Efficacy and safety of one-month DAPT followed by 23-month ticagrelor monotherapy in patients undergoing proximal LAD stenting: Insights from the GLOBAL LEADERS trial

Backgrounds Data on optimal antiplatelet therapy in patients undergoing stenting of the proximal left anterior descending artery (LAD) are limited. Methods This is a post-hoc analysis of the GLOBAL LEADERS trial, a prospective, multi-center, randomized controlled trial, comparing the experimental strategy (1-month dual anti-platelet therapy [DAPT] followed by 23-month ticagrelor monotherapy) with the reference regimen (12-month DAPT followed by 12-month aspirin monotherapy) in relation to stenting of the proximal LAD. The primary endpoint was the composite of all-cause death or new Q-wave myocardial infarction (MI) and key secondary safety endpoint was Bleeding Academic Research Consortium (BARC) type 3 or 5 bleeding at two years.
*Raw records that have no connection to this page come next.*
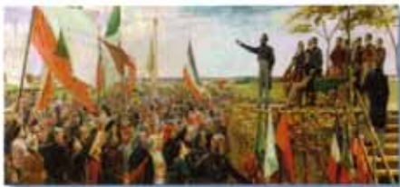
Musée d'archéologie et d'histoire de Montréal

« Ensuite, renchérit-il, on est entré dans une phase où on a voulu fusionner les villages et les paroisses, notamment parce que la distinction entre les deux allait de plus en plus s'atténuer du fait que le village, qui est un noyau urbain, allait commencer à s'étendre à l'intérieur de la paroisse ». ■
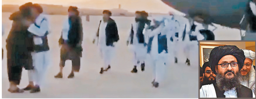
●巴拉達爾(右下圖)抵達坎大哈機場。網上圖片

阿富汗塔利班控制首都喀布爾後，外界關注新政府會如何組成。塔利班創辦人之一、二號人物巴拉達爾在流亡近20年後，前日高調返回阿富汗，被視為可能為出任新政府領袖作準備。塔利班發言人前日舉行記者會，承諾組建具包容性的政
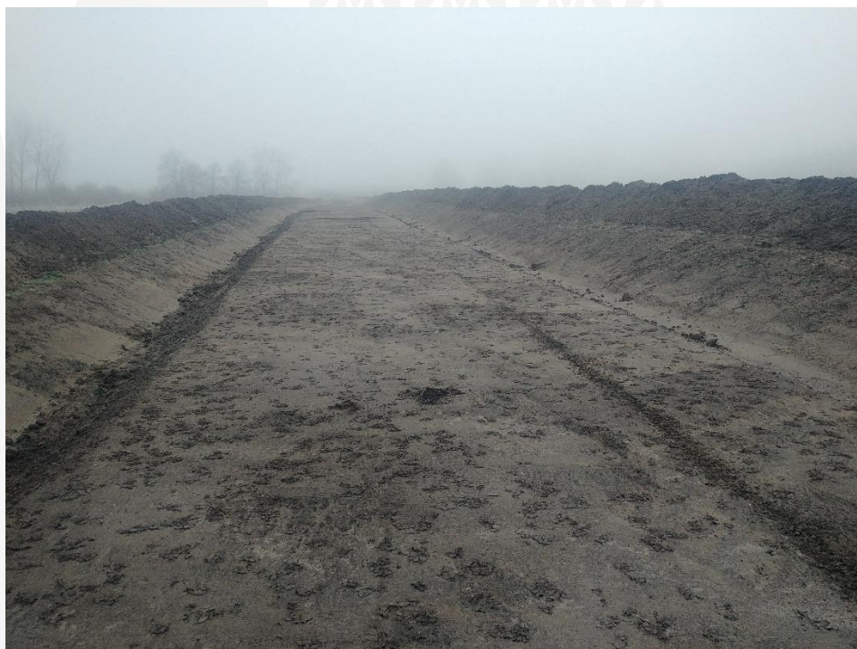
Fot. 1 Obszar odhumusowania.
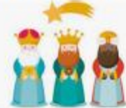
C) los reyes
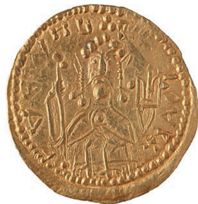
Златник Володимира Святославича

За часів Київської Русі тризуб був родовим знаком Рюриковичів. Його зображення археологи знаходять на монетах, печатках, посуді, цеглі, настінних розписах тієї доби.
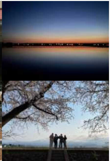
◀綺麗すぎて思わず撮影
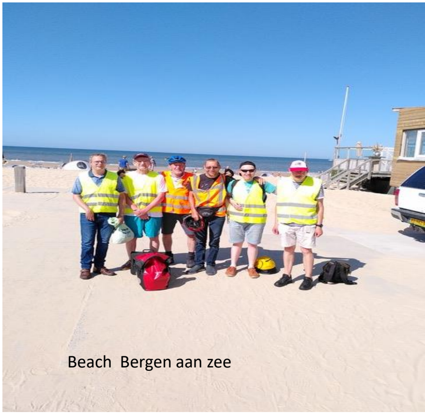
Beach Bergen aan zee
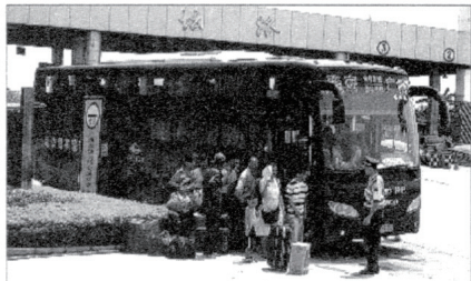
图为乘客在等候换乘。

随后,治超站队员告知粤AJ05xx司机,请他立即将车开到南宁高速公路坛洛治超站汇合点进行交接。
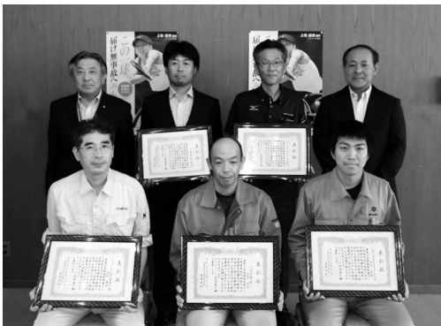
優良表彰受賞の皆さん

Results Among 15,845 patients included in the analysis, 3823 (23.9%) patients underwent stenting of the proximal LAD, while 12,022 (75.2%) did not. In the proximal LAD stenting group, there was no significant difference in the risk of the primary endpoint between the two antiplatelet strategies (3.38% vs. 3.93%; hazard ratio [HR]:0.86; 95% CI:0.62–1.20; Pinteraction = 0.951). However, the risk of any MI (2.63% vs. 3.88%; HR:0.68; 95% CI:0.47–0.97; Pinteraction = 0.015) and any revascularization (7.84% vs. 9.94%; HR:0.78; 95% CI:0.63–0.97; Pinteraction = 0.058) was significantly lower in the experimental strategy group, while demonstrating a similar risk of BARC type 3 or 5 bleeding between the two antiplatelet strategies (1.93% vs. 1.99%; HR:0.98; 95% CI:0.62–1.54; Pinteraction = 0.981). Conclusions The present study showed patients having stenting to the proximal LAD could potentially benefit from the experimental strategy with lower ischaemic events without a trade-off in major bleeding at two years.